Inflationomics

It’s Too Late, Shelley

I recently read a quote from U.S. Senator Shelley Moore Capito (R-W.Va.), in which she reportedly stated, “I did not come to Washington to hurt people.”  She was apparently talking about the Senate’s attempt to repeal the Affordable Care Act or parts of it.  She obviously thinks that the Affordable Care Act helps people and doesn’t think about the people it harms.

Her comment made me wonder whether she knows that governments have to take from someone in order to give to someone else.  Governments are not profit-making organizations.  They don’t even try to produce a product or supply a service in an attempt to earn a profit.  If they start out small, they limit their income to the taxes they raise.
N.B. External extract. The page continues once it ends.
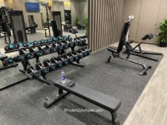 Dumbbells go up to 44 lbs/20 kgs and there’re three benches – two of them adjustable.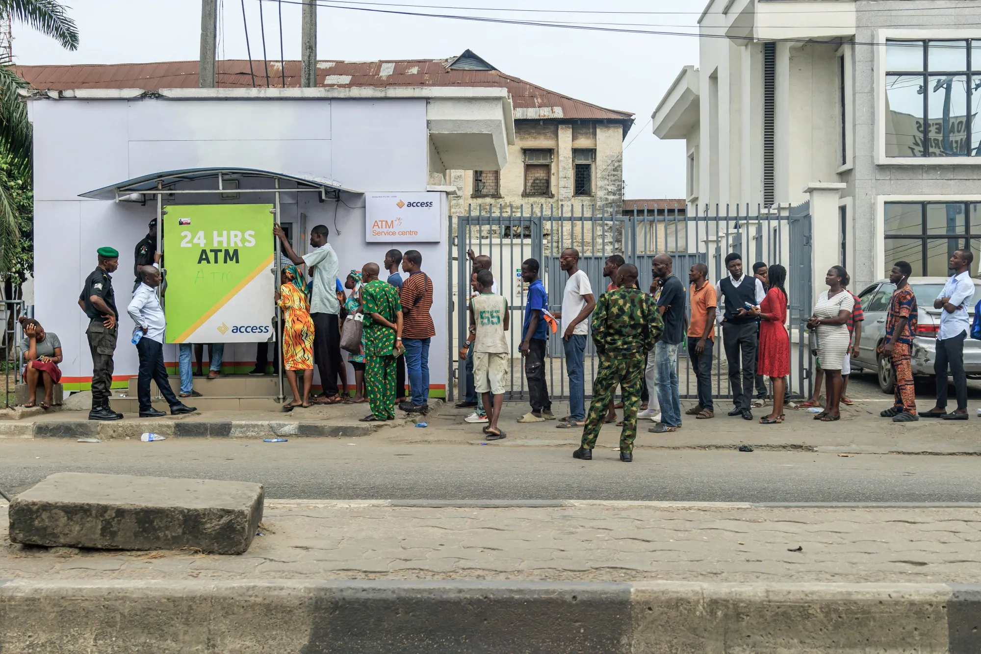 顾客在尼日利亚拉各斯的一家Access Bank分行外排队提取资金。摄影师:本森·伊比阿布奇/彭博社 即将到来

The taxes must be taken from some people, thus harming them, and be given to others, starting with government employees and politicians, followed by the military, police, and legal system.  The tax recipients benefit while the taxpayers lose.

At some point, if the politicians do a poor enough job, they spend more than they bring in in taxes and may borrow additional funds to be distributed to other “poor” recipients or vendors.  If the government (read the U.S. government) has a central bank that tries to facilitate government borrowing, the bank may set interest rates near zero, thus allowing the government to borrow tremendous amounts of money to spend on anything it desires…wars for example.  This may benefit war materiel vendors, but it punishes savers who don’t receive a market rate of interest for their savings.
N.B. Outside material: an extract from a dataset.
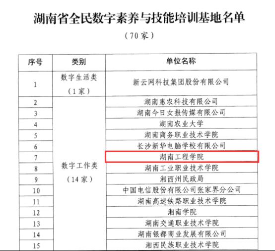 近日,经市州申报、部门审核、专家评审等环节,省委网信办、省委党校(湖南行政学院)、省教育厅、省科技厅、省工业和信息化厅等15家单位联合评选认定了70家湖南省全民数字素养与技能培训基地,15vip太阳成集团古天乐由党委副书记向前牵头,网络信息与现代教育技术中心、信息科学与工程学院、设计艺术学院、经济学院等多部门联合申报的“15vip太阳成集团古天乐全民数字素养与技能培训基地”成功入选数字工作类培训基地。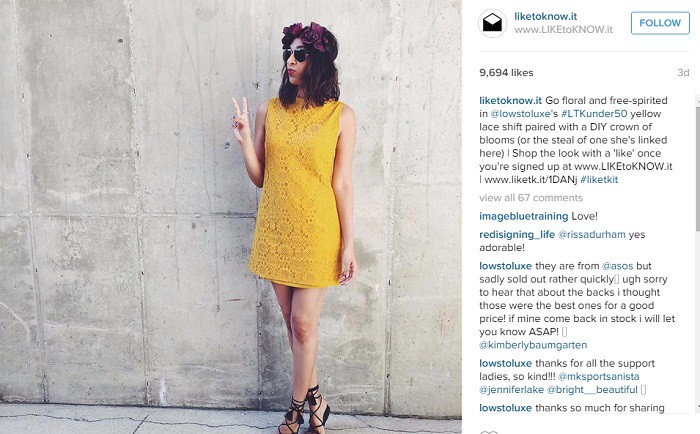 4. Liketoknow.it es otra herramienta para vender en Instagram. Los usuarios de Instagram deben crear una cuenta en Liketoknow.it y dar likes a las fotos que tienen el enlace de Liketoknow.it en la descripción para que reciban un correo relacionado con los productos que ven en la foto. Dando clic van al sitio donde pueden comprar tus productos.

If the government continues to spend beyond its means, it must entice or threaten the central bank to purchase its bonds with newly printed money.  This inflated money supply can reduce the purchasing power of its users in the long run.  In short, the inflationary practices rob consumers and savers of their purchasing power and benefit debtors, of which the U.S. government is the largest debtor in the world.
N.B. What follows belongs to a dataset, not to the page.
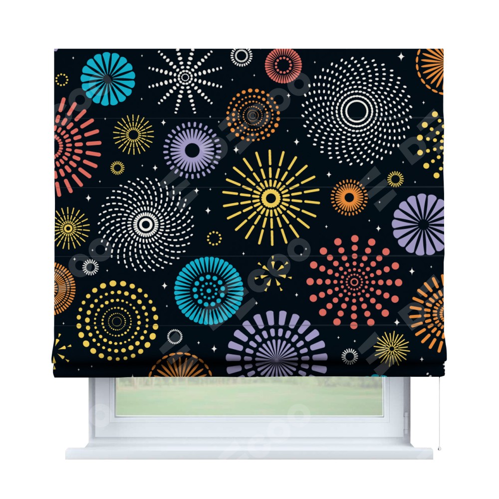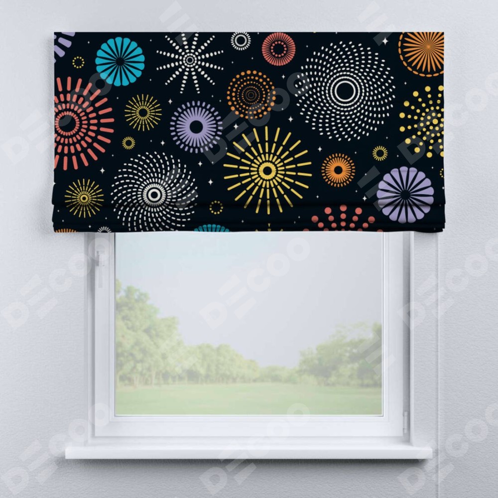 Римская штора производителя «Cortin», используется для проёма, пошита из ткани блэкаут с нанесением сублимационной печати «Праздничный фейерверк». Имеет универсальный механизм и подходит для монтажа: на потолок, на стену и в нишу.

Let’s assume that the government wants to “help” people better afford health insurance.  It may set up a system whereby some people (young people) subsidize the insurance costs of other (older) people by paying a new tax.  If participation were voluntary, it would fail immediately, but if they must pay a tax, it may survive a few years before additional subsidies are required or it fails due to rising costs.  In any event, the subsidizers lose and the subsidized benefit.  Who is hurt?

Or, let’s assume the government wants to punish someone for doing something “bad.”  For example, Mexico, for allowing its citizens to move to the U.S. for employment.  Or, China, for selling cheap goods to Americans.  Or, Canadians, for selling cheap lumber in the U.S.  Who benefits and who is harmed by the laws that prohibit the sale of cheap goods and/or labor to Americans?

Or, let’s assume the federal government wants to improve the country’s infrastructure.  Who’s going to pay for that?  Who’s going to be harmed?  And who’s going to benefit?

Of course, just about everything the government does these days is done without consideration or concern for what the market wants.  This hurts consumers and benefits government politicians, employees, and dependents.  In the long run, when the consumers lose their faith in the government’s ability to “fix” everything that goes wrong, it will be the politicians, government employees, and dependents who will be harmed by everything that it caused in the first place…read “Obamacare.”

Bottom line, Shelley, is that it’s too late.  So much harm has already been done by the U.S. Congress.  And it’s unlikely that you’ll be able to avoid hurting someone no matter how you vote…whether it’s to transfer more money, or transfer less money.  Good luck!